:: Data shown ::

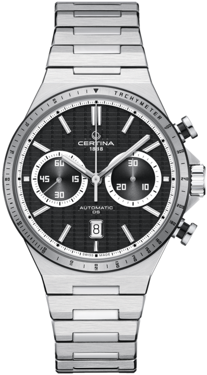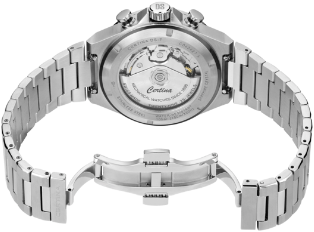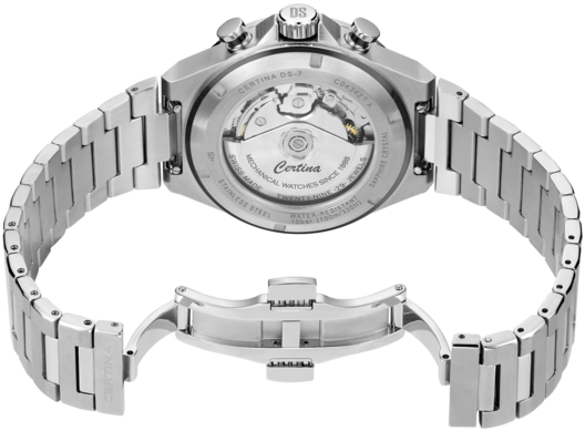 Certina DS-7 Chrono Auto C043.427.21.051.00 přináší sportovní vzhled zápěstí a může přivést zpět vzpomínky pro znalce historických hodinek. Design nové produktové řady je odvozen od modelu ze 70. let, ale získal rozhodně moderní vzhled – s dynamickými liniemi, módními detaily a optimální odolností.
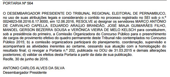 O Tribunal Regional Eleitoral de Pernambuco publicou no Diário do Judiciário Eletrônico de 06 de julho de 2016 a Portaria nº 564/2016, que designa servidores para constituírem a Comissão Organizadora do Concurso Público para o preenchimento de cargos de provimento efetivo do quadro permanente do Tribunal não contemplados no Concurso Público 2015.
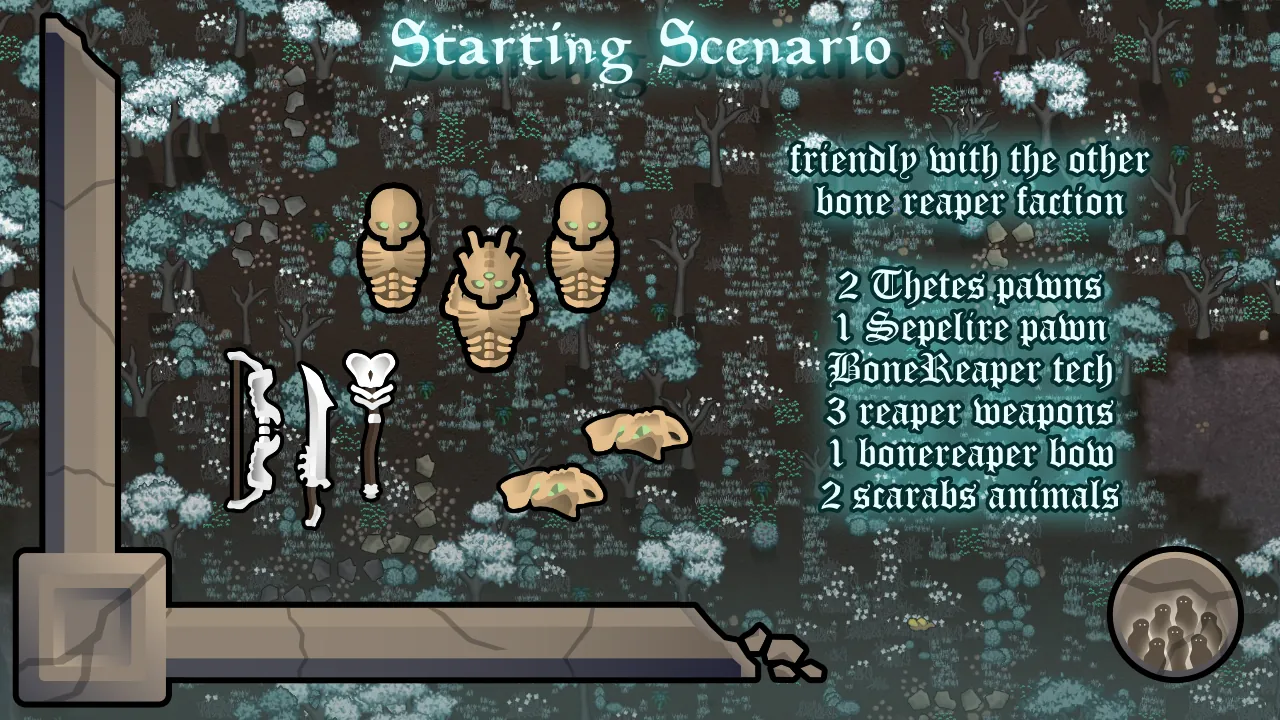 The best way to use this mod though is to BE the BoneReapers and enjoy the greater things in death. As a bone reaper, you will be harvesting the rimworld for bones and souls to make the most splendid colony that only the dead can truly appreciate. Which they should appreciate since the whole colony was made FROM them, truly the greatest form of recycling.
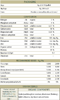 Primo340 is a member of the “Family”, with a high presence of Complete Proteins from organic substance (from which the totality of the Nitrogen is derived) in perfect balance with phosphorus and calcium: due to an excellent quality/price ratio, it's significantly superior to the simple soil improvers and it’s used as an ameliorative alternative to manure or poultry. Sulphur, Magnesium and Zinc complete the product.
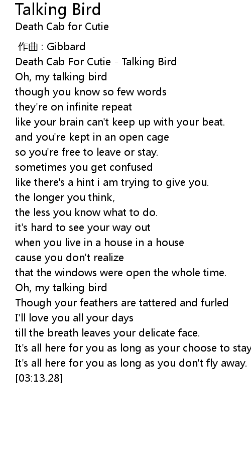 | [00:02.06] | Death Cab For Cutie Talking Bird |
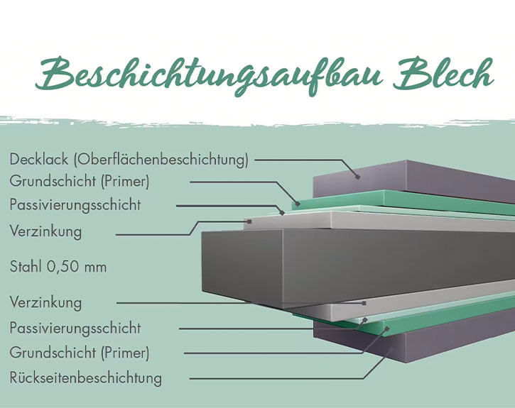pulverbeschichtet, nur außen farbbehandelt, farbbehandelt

:::

Aim of the task:
Leave out the pictures. Transcribe only the lines above, from the first through the one that contains "O Tribunal Regional".

Your solution:
 Certina DS-7 Chrono Auto C043.427.21.051.00 přináší sportovní vzhled zápěstí a může přivést zpět vzpomínky pro znalce historických hodinek. Design nové produktové řady je odvozen od modelu ze 70. let, ale získal rozhodně moderní vzhled – s dynamickými liniemi, módními detaily a optimální odolností.
 O Tribunal Regional Eleitoral de Pernambuco publicou no Diário do Judiciário Eletrônico de 06 de julho de 2016 a Portaria nº 564/2016, que designa servidores para constituírem a Comissão Organizadora do Concurso Público para o preenchimento de cargos de provimento efetivo do quadro permanente do Tribunal não contemplados no Concurso Público 2015.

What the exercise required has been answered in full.